Source data START

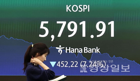 3일 유가증권시장에서 코스피는 전 거래일보다 452.22p(7.24%) 내린 5791.91로 마감했다. 이날 코스피 낙폭(452.22p)은 역대 최대였다.
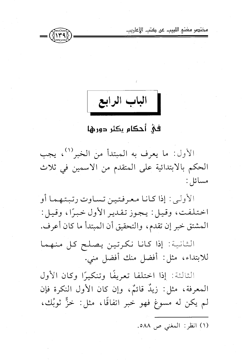 الأول: ما يعرف به المبتدأ من الخبر1، يجب الحكم بالابتدائية على المتقدم من الاسمين في ثلاث مسائل:
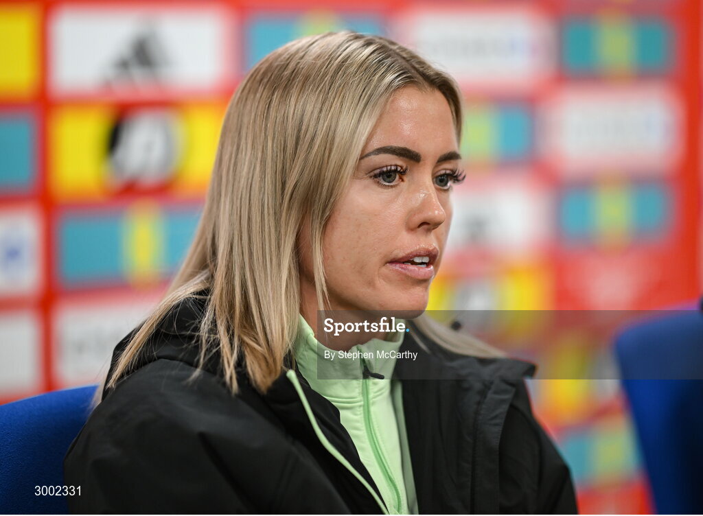 28 November 2024; Denise O'Sullivan during a Republic of Ireland women press conference at Cardiff City Stadium in Wales. Photo by Stephen McCarthy/Sportsfile
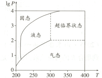 360,P=729时,2<\lg P<3,故此时二氧化碳处于超临界状
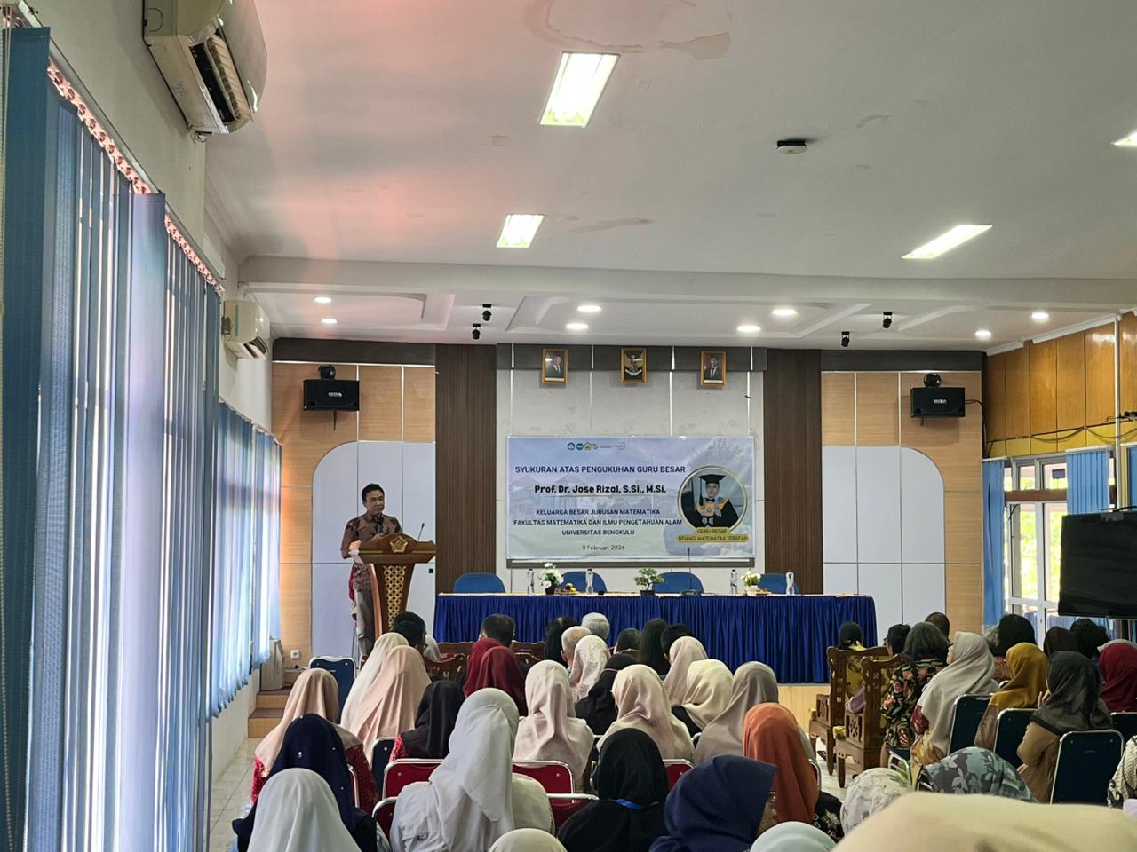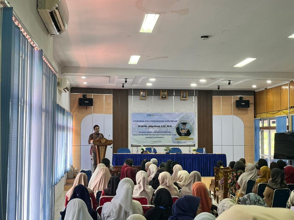A thanksgiving ceremony was held on Wednesday, April 11, 2026, in the main meeting room of the Faculty of Mathematics and Natural Sciences, University of Bengkulu, for the promotion of Prof. Dr. Jose Rizal, S.Si., M.Si., which was officially inaugurated on Tuesday, April 10, 2026. The ceremony was opened by Prof. Dr. Salprima Yudha S, S.Si., M.Si., Dean of the Faculty of Mathematics and Natural Sciences, and attended by lecturers, academics, and students from the Faculty of Mathematics and Natural Sciences, University of Bengkulu.
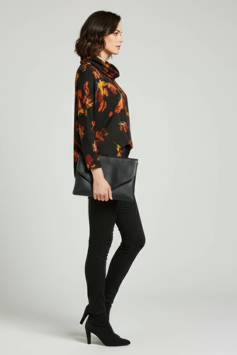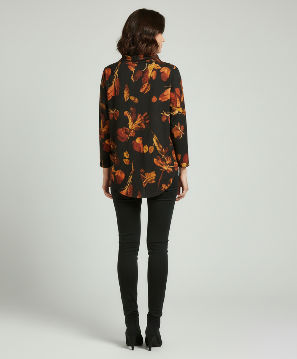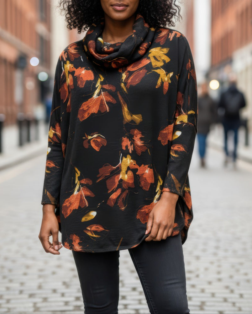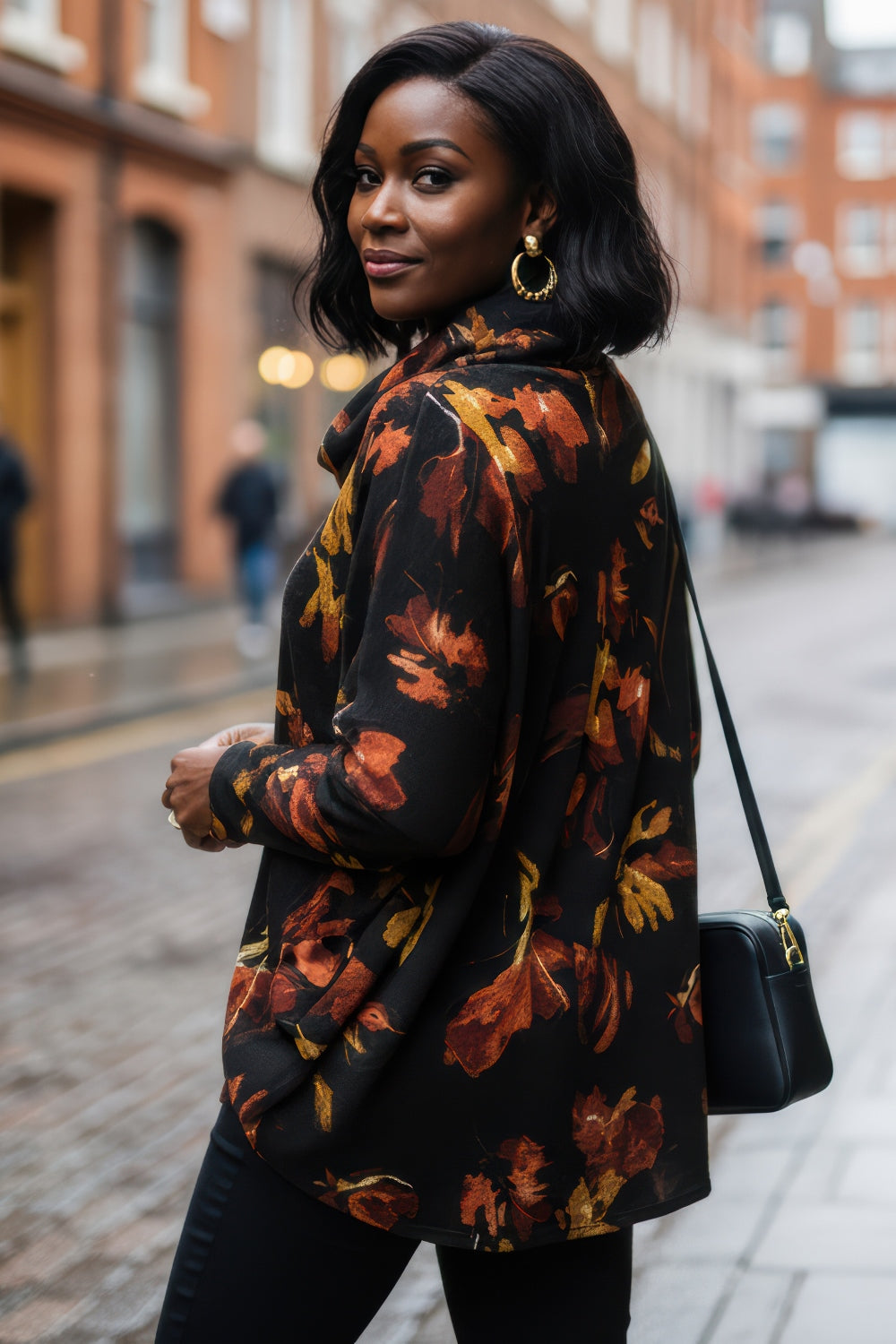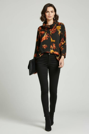 Elevate your everyday style with this Autumn Floral Cowl-Neck Top. Crafted from a soft touch fabric, this relaxed-fit top features a rich black base adorned with warm, painterly floral prints in golden, amber, and rust hues. The soft draped cowl neckline adds an elegant touch, while the three-quarter sleeves keep it versatile for any season. Perfect for pairing with tailored pants or sleek denim, this blouse seamlessly transitions from office chic to evening out.

Source data END

Write out every entry exactly. Pictures do not belong in the copy.

 3일 유가증권시장에서 코스피는 전 거래일보다 452.22p(7.24%) 내린 5791.91로 마감했다. 이날 코스피 낙폭(452.22p)은 역대 최대였다.
 الأول: ما يعرف به المبتدأ من الخبر1، يجب الحكم بالابتدائية على المتقدم من الاسمين في ثلاث مسائل:
 28 November 2024; Denise O'Sullivan during a Republic of Ireland women press conference at Cardiff City Stadium in Wales. Photo by Stephen McCarthy/Sportsfile
 360,P=729时,2<\lg P<3,故此时二氧化碳处于超临界状
A thanksgiving ceremony was held on Wednesday, April 11, 2026, in the main meeting room of the Faculty of Mathematics and Natural Sciences, University of Bengkulu, for the promotion of Prof. Dr. Jose Rizal, S.Si., M.Si., which was officially inaugurated on Tuesday, April 10, 2026. The ceremony was opened by Prof. Dr. Salprima Yudha S, S.Si., M.Si., Dean of the Faculty of Mathematics and Natural Sciences, and attended by lecturers, academics, and students from the Faculty of Mathematics and Natural Sciences, University of Bengkulu.
 Elevate your everyday style with this Autumn Floral Cowl-Neck Top. Crafted from a soft touch fabric, this relaxed-fit top features a rich black base adorned with warm, painterly floral prints in golden, amber, and rust hues. The soft draped cowl neckline adds an elegant touch, while the three-quarter sleeves keep it versatile for any season. Perfect for pairing with tailored pants or sleek denim, this blouse seamlessly transitions from office chic to evening out.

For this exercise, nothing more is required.